[WHAT YOU SHOULD DO] After the line containing "桜咲く4月6日、91名の新一", copy nothing more; up to and including it, copy every line of the listing exactly from the first, leaving out the pictures.

START PROVIDED DATA

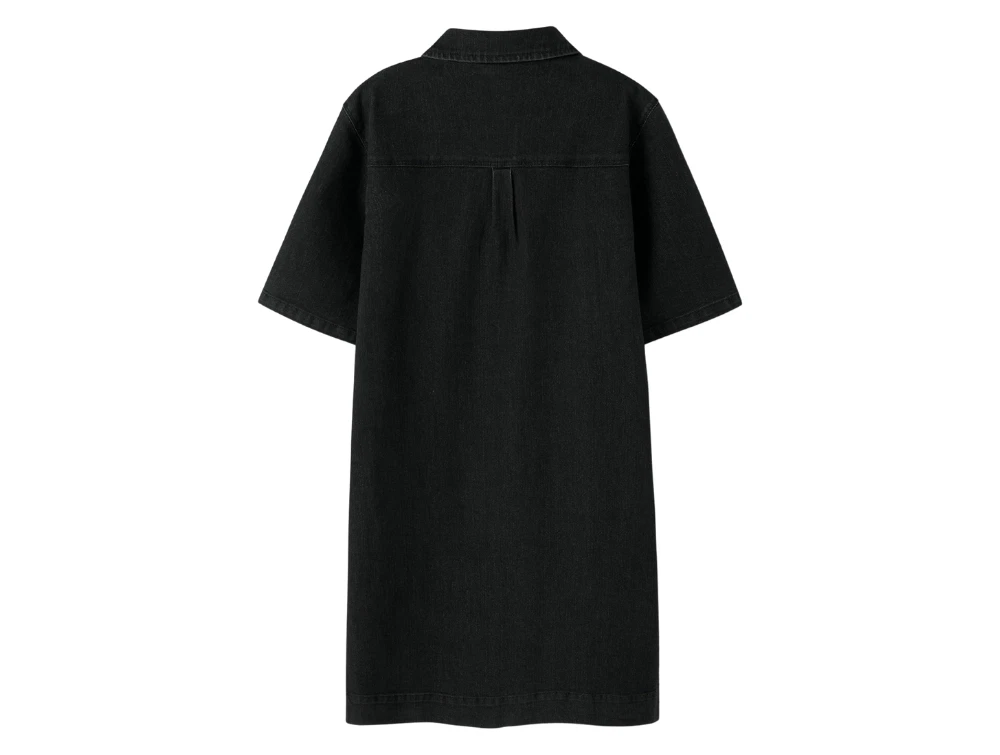 Denimkjole i mørk grå/sort nuance (dark grey denim) fra Name It med halvlange ærmer og praktiske brystlommer.
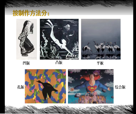 (1)欣賞歷年來優(yōu)秀的版畫課程教師范作及學生留校作業(yè)和獲獎入展作品。
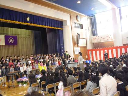 桜咲く4月6日、91名の新一年生が期待と喜びで、小さな胸をいっぱいにふくらませ、入学しました。2年生の歓迎演奏に子どもたちもひきこまれていました。
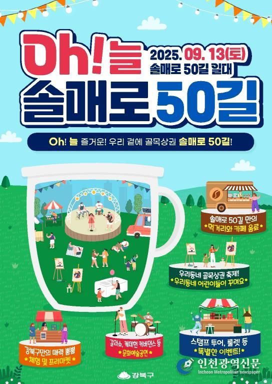 [인천광역신문] 최훈 기자 | 서울 강북구는 오는 13일 오전 11시부터 오후 6시까지 미아역 인근 솔매로50길 상권에서 ‘오(Oh)!늘, 솔매로50길 축제’를 개최한다고 밝혔다.

END PROVIDED DATA

[EXERCISE SOLUTION]
 Denimkjole i mørk grå/sort nuance (dark grey denim) fra Name It med halvlange ærmer og praktiske brystlommer.
 (1)欣賞歷年來優(yōu)秀的版畫課程教師范作及學生留校作業(yè)和獲獎入展作品。
 桜咲く4月6日、91名の新一年生が期待と喜びで、小さな胸をいっぱいにふくらませ、入学しました。2年生の歓迎演奏に子どもたちもひきこまれていました。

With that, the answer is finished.